§ **Exercise instructions**
Line by line, give the data again exactly as it appears, but without pictures.

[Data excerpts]

★ ★ ★ ★ ★

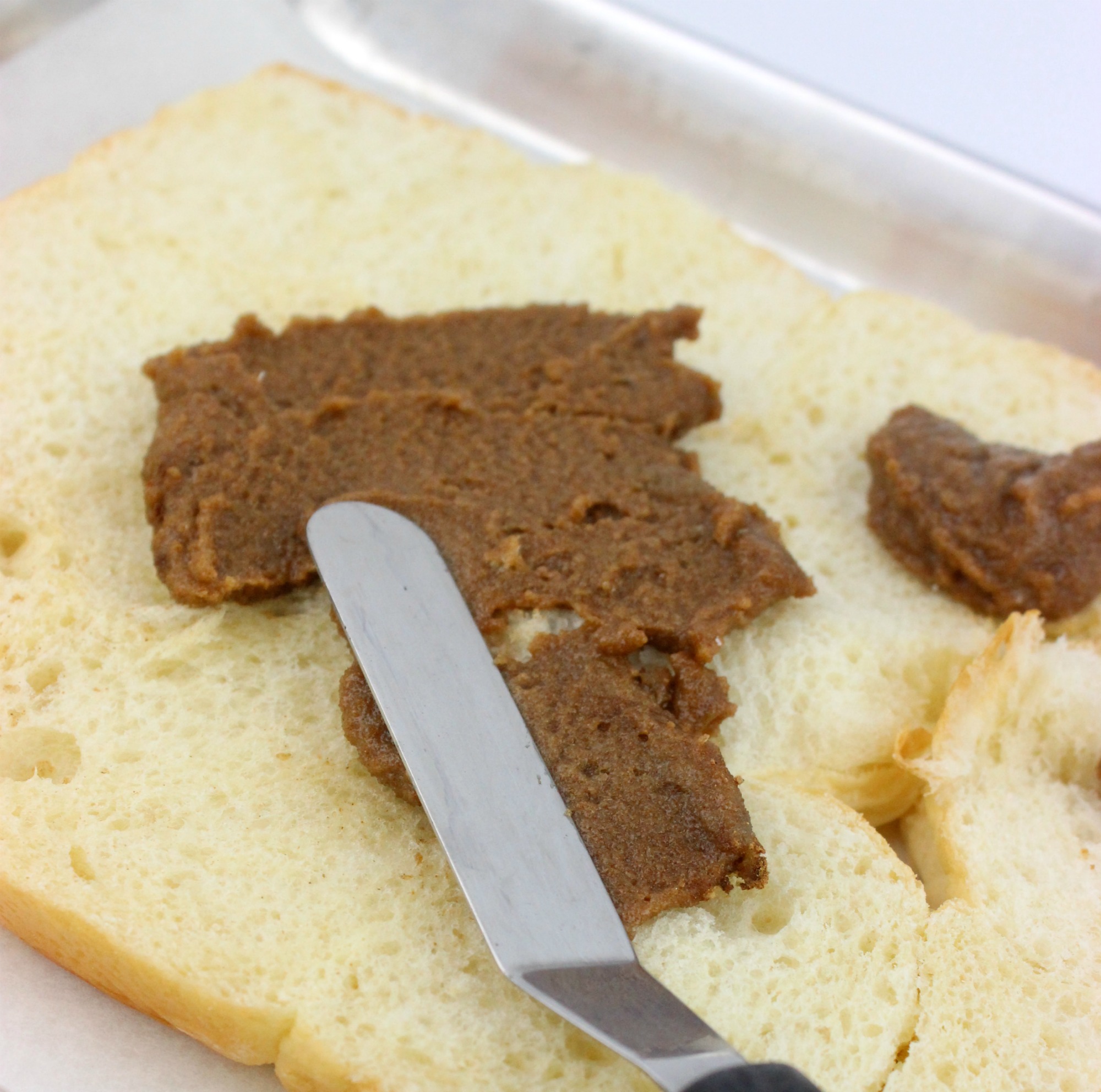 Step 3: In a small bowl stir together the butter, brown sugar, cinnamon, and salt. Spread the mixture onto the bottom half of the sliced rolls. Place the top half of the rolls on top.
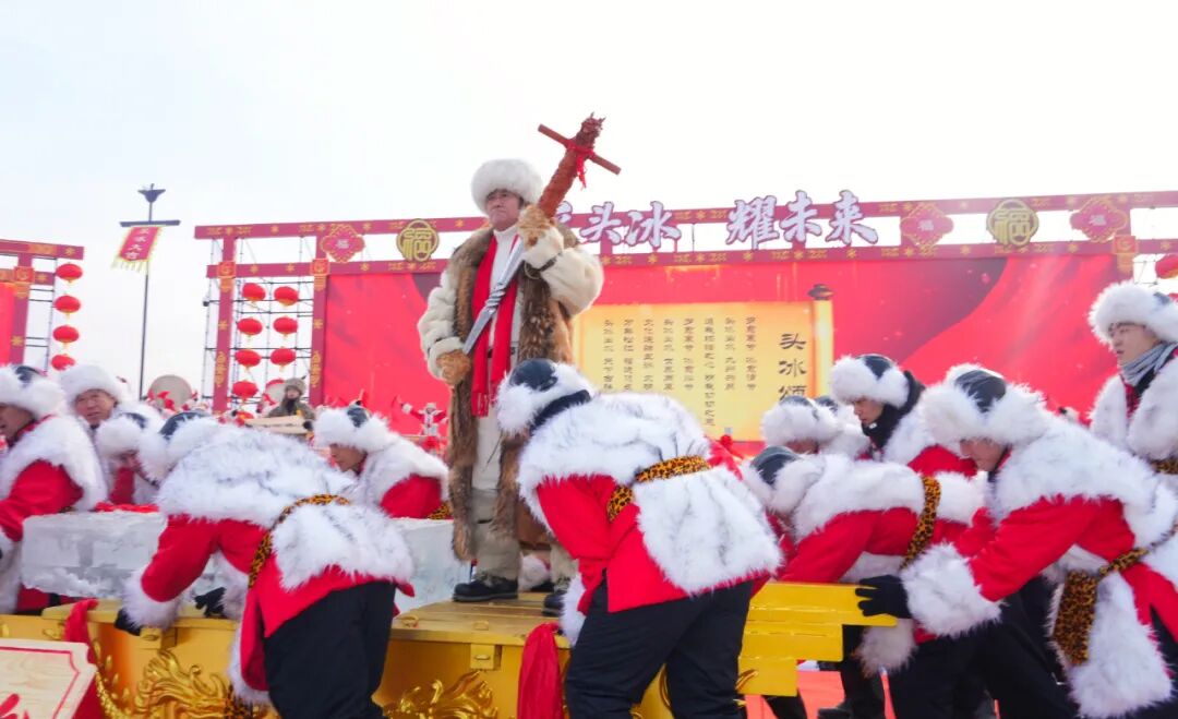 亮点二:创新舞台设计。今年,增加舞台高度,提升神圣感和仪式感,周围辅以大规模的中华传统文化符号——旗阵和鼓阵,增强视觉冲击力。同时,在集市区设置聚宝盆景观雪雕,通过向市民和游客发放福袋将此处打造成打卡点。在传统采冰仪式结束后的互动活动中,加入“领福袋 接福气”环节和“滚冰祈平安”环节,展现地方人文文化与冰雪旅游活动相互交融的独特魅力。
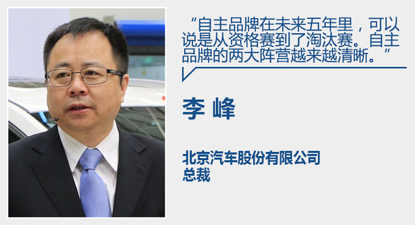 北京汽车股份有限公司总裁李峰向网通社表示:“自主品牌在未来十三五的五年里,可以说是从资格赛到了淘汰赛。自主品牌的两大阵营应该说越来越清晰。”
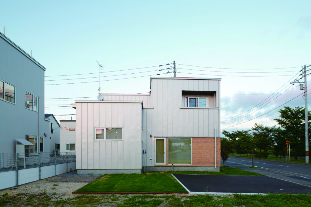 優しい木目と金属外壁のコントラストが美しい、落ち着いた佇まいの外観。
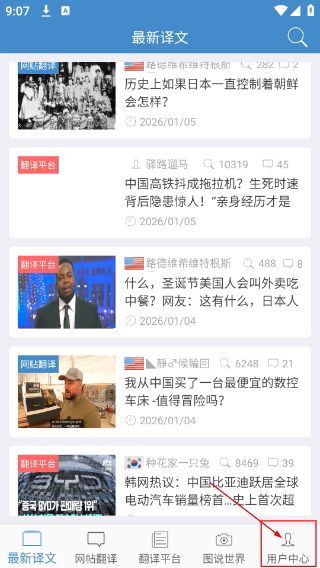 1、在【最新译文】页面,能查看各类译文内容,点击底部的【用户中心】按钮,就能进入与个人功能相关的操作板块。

★ ★ ★ ★ ★

§ **Answer to this task**
 Step 3: In a small bowl stir together the butter, brown sugar, cinnamon, and salt. Spread the mixture onto the bottom half of the sliced rolls. Place the top half of the rolls on top.
 亮点二:创新舞台设计。今年,增加舞台高度,提升神圣感和仪式感,周围辅以大规模的中华传统文化符号——旗阵和鼓阵,增强视觉冲击力。同时,在集市区设置聚宝盆景观雪雕,通过向市民和游客发放福袋将此处打造成打卡点。在传统采冰仪式结束后的互动活动中,加入“领福袋 接福气”环节和“滚冰祈平安”环节,展现地方人文文化与冰雪旅游活动相互交融的独特魅力。
 北京汽车股份有限公司总裁李峰向网通社表示:“自主品牌在未来十三五的五年里,可以说是从资格赛到了淘汰赛。自主品牌的两大阵营应该说越来越清晰。”
 優しい木目と金属外壁のコントラストが美しい、落ち着いた佇まいの外観。
 1、在【最新译文】页面,能查看各类译文内容,点击底部的【用户中心】按钮,就能进入与个人功能相关的操作板块。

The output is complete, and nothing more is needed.